# 當我僅對約束的一個子集進行對偶時，強對偶性成立嗎？

\ begin {align} \ min_x＆\ quad f（x）\\\ text {st}＆\ quad g_i（x）\ leq 0，i \ in C \ end{align}

">開始{align} \ max_ \ lambda \ min_x＆\ quad f（x）+ \ sum_ {i \ in A} \ lambda_ig_i（x）\\\ text {st}＆\ quad g_i（x）\ leq 0，我\ in C \ setminus A \ end {align}

If strong duality holds, then it also holds when only a subset of the constraints is dualized.

We define the following three problems: the original, the partially dualized, and the dual.

Problem (P1): \begin{align}\min_x&\quad f(x)\\\text{s.t.}&\quad g_i(x)\leq 0, i \in C\end{align}

Problem (P2): \begin{align}\max_{\lambda\ge0} \min_x&\quad f(x) + \sum_{i \in A}\lambda_ig_i(x)\\\text{s.t.}&\quad g_i(x)\leq 0, i \in C\setminus A\end{align}

Problem (P3): \begin{align}\max_{\mu\ge0} \max_{\lambda\ge0} \min_x&\quad f(x) + \sum_{i \in A}\lambda_ig_i(x) + \sum_{i \in C\setminus A}\mu_ig_i(x)\end{align}

It is given that strong duality holds, which means that (P1) and (P3) have the same objective value. For convenience, denote this by f(P1) = f(P3).

Using weak duality, we will show that f(P1) $$\ge$$ f(P2) $$\ge$$ f(P3). Because we know that f(P1) = f(P3), it must be that f(P1) = f(P2) = f(P3).

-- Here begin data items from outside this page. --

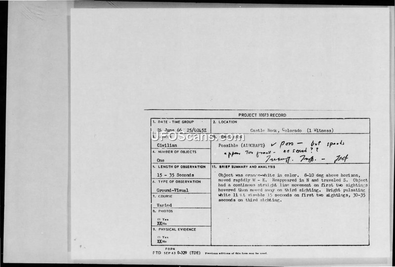 Project 10073 Record — Castle Rock, Colorado, 24 June 1966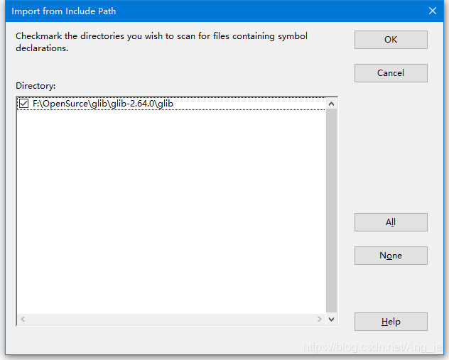再点击Import from an INCLUDE path出现如下对话框,将相关的函数定义放入编辑处,按回车确认后出现后一个对话框同时再按OK按键。然后文件会同步。上面出现还可以点击Import from a source code tree是出现文件浏览对话框的形式,与此雷同。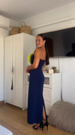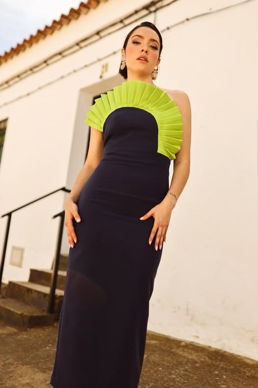 Navy Blue Strapless Maxi Dress with Yellow Fan - shaped Detail

From (P1) to (P2): let $$\bar{x}$$ be an optimal solution to (P1). Because $$\bar{x}$$ is feasible for (P1), we have $$g_i(\bar{x})\le0$$ for all $$i\in C$$. Next, plug $$\bar{x}$$ into (P2), which is feasible. Due to the non-negativity of the multipliers, it follows for any $$\lambda \ge 0$$ that $$f(\bar{x}) \ge f(\bar{x}) + \sum_{i \in A}\lambda_ig_i(\bar{x})$$. Hence, f(P1) $$\ge$$ f(P2).

From (P2) to (P3): let $$\bar{\lambda} \ge 0$$ be optimal multipliers for (P2) and let $$\bar{x}$$ be corresponding optimal primal variables. Using a similar argument, $$\bar{\lambda}$$ and $$\bar{x}$$ can be plugged into (P3). Because $$\mu \ge 0$$ and $$g_i(\bar{x})\le0$$ for all $$i\in C\setminus A$$, we have for all $$\mu \ge 0$$ that $$\quad f(\bar{x}) + \sum_{i \in A}\bar{\lambda}_ig_i(\bar{x}) \ge f(\bar{x}) + \sum_{i \in A}\bar{\lambda}_ig_i(\bar{x}) + \sum_{i \in C\setminus A}\mu_ig_i(\bar{x}).$$ It follows that f(P2) $$\ge$$ f(P3), which completes the proof.